• [About this task]:
Copy the data that follows exactly, and include none of its images.

[Opening Given information section]

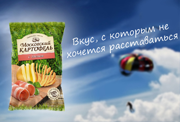 На фоте размытого неба с парашютистом, появляется пачка “Московский картофель” , следом надпись. Вкус ,с которым не хочется расставаться.
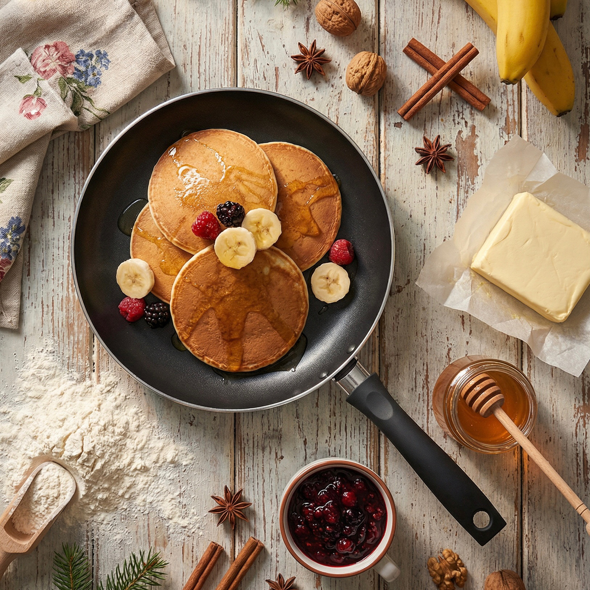 Потрясающе вкусные, нежные и ароматные панкейки, которые готовятся за считанные минуты — идеальный завтрак из простых ингредиентов. 🥞💛 ✅ банан — 1 шт. (спелый) ✅ яйцо — 1 шт. ✅ мука рисовая / пшеничная — 2 ст. л. ✅ разрыхлитель — 0,5 ч. л. ✅ мёд, орехи — по желанию для подачи ▪️ Банан очищаем и разминаем вилкой в пюре. ▪️ Добавляем яйцо, перемешиваем до однородной массы. ▪️ Всыпаем муку и разрыхлитель, ещё раз перемешиваем. Тесто должно получиться немного гуще, чем на оладьи. ▪️ Разогреваем сковороду для блинов линейки KUMIR,
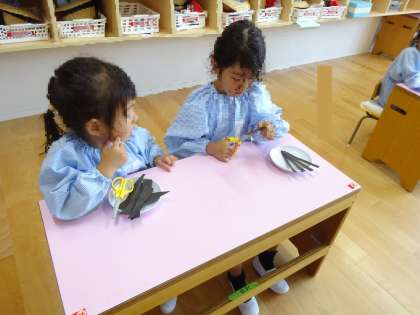 ハサミも少しずつ持ち方が分かってきて、「先生、切っていい?」「おかわりした」とハサミを使う楽しさを感じていました。
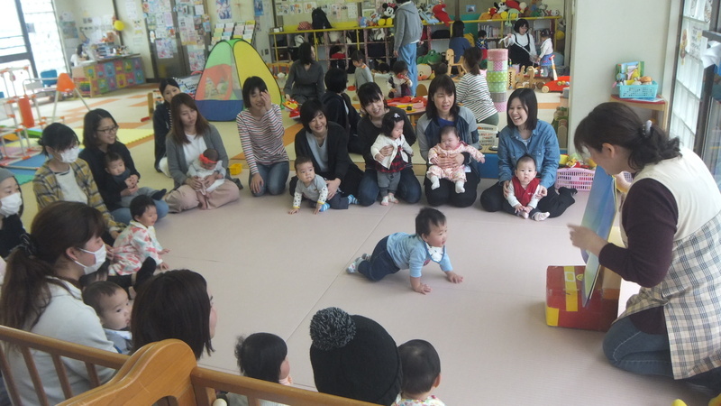 16組の親子が参加し、大型絵本やふれあい遊びを楽しんで、手型のお花を製作しました!(^^)!一年過ぎると大きくなるね~♪
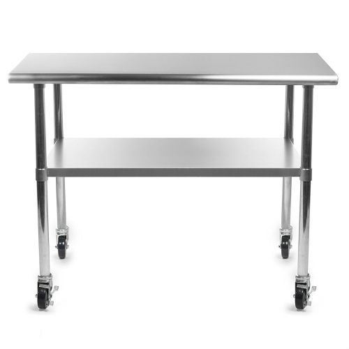 Stainless Steel 48 x 24-inch Kitchen Prep Table with Casters Stainless Steel 48 x 24-inch Kitchen Prep Table with Casters Stainless Steel 48 x 24-inch Kitchen Prep Table with Casters
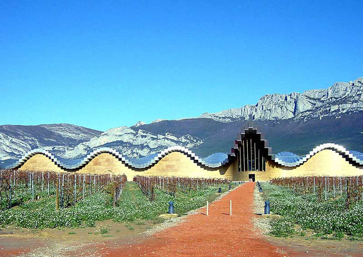 Nestled in the Rioja Alavesa wine region, this award-winning winery designed by Santiago Calatrava features a stunning undulating roof made of precast concrete, blending harmoniously with the surrounding landscape.
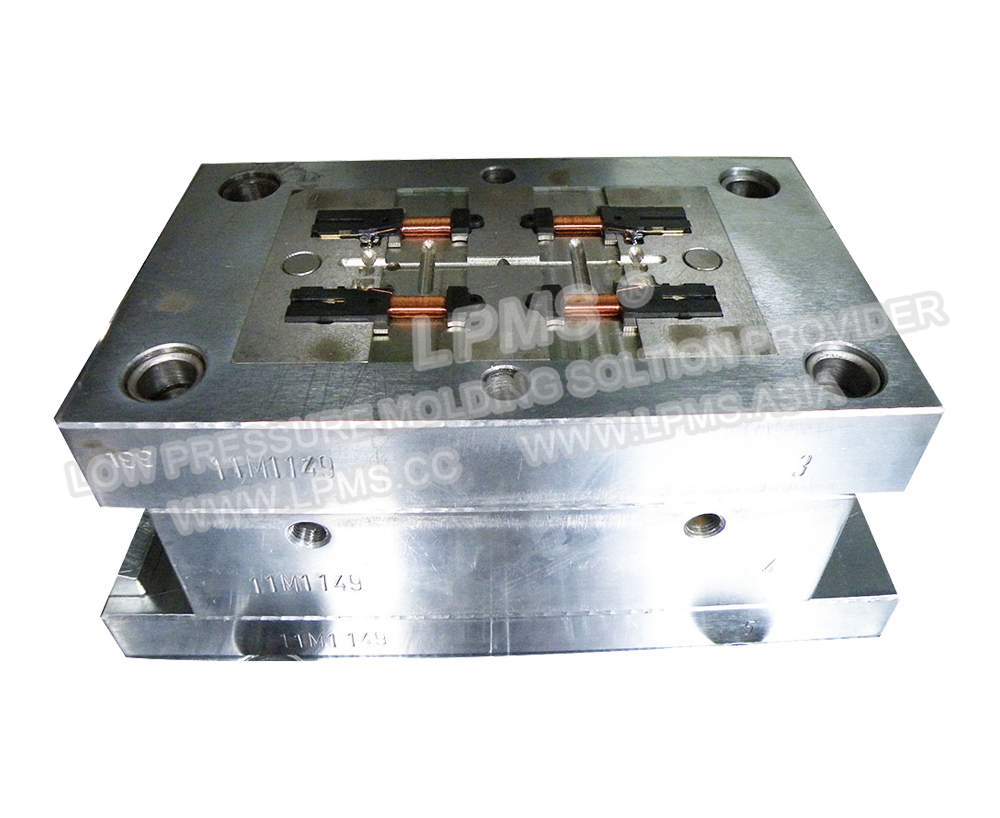 低壓注膠模具可用鋁材或鋼材製成,如果待封裝的元器件為鋼材或硬質(zhì)材料器件,建議模穴區(qū)域使用鋼材製作。

[Closing Given information section]

• [Exercise result]:
 На фоте размытого неба с парашютистом, появляется пачка “Московский картофель” , следом надпись. Вкус ,с которым не хочется расставаться.
 Потрясающе вкусные, нежные и ароматные панкейки, которые готовятся за считанные минуты — идеальный завтрак из простых ингредиентов. 🥞💛 ✅ банан — 1 шт. (спелый) ✅ яйцо — 1 шт. ✅ мука рисовая / пшеничная — 2 ст. л. ✅ разрыхлитель — 0,5 ч. л. ✅ мёд, орехи — по желанию для подачи ▪️ Банан очищаем и разминаем вилкой в пюре. ▪️ Добавляем яйцо, перемешиваем до однородной массы. ▪️ Всыпаем муку и разрыхлитель, ещё раз перемешиваем. Тесто должно получиться немного гуще, чем на оладьи. ▪️ Разогреваем сковороду для блинов линейки KUMIR,
 ハサミも少しずつ持ち方が分かってきて、「先生、切っていい?」「おかわりした」とハサミを使う楽しさを感じていました。
 16組の親子が参加し、大型絵本やふれあい遊びを楽しんで、手型のお花を製作しました!(^^)!一年過ぎると大きくなるね~♪
 Stainless Steel 48 x 24-inch Kitchen Prep Table with Casters Stainless Steel 48 x 24-inch Kitchen Prep Table with Casters Stainless Steel 48 x 24-inch Kitchen Prep Table with Casters
 Nestled in the Rioja Alavesa wine region, this award-winning winery designed by Santiago Calatrava features a stunning undulating roof made of precast concrete, blending harmoniously with the surrounding landscape.
 低壓注膠模具可用鋁材或鋼材製成,如果待封裝的元器件為鋼材或硬質(zhì)材料器件,建議模穴區(qū)域使用鋼材製作。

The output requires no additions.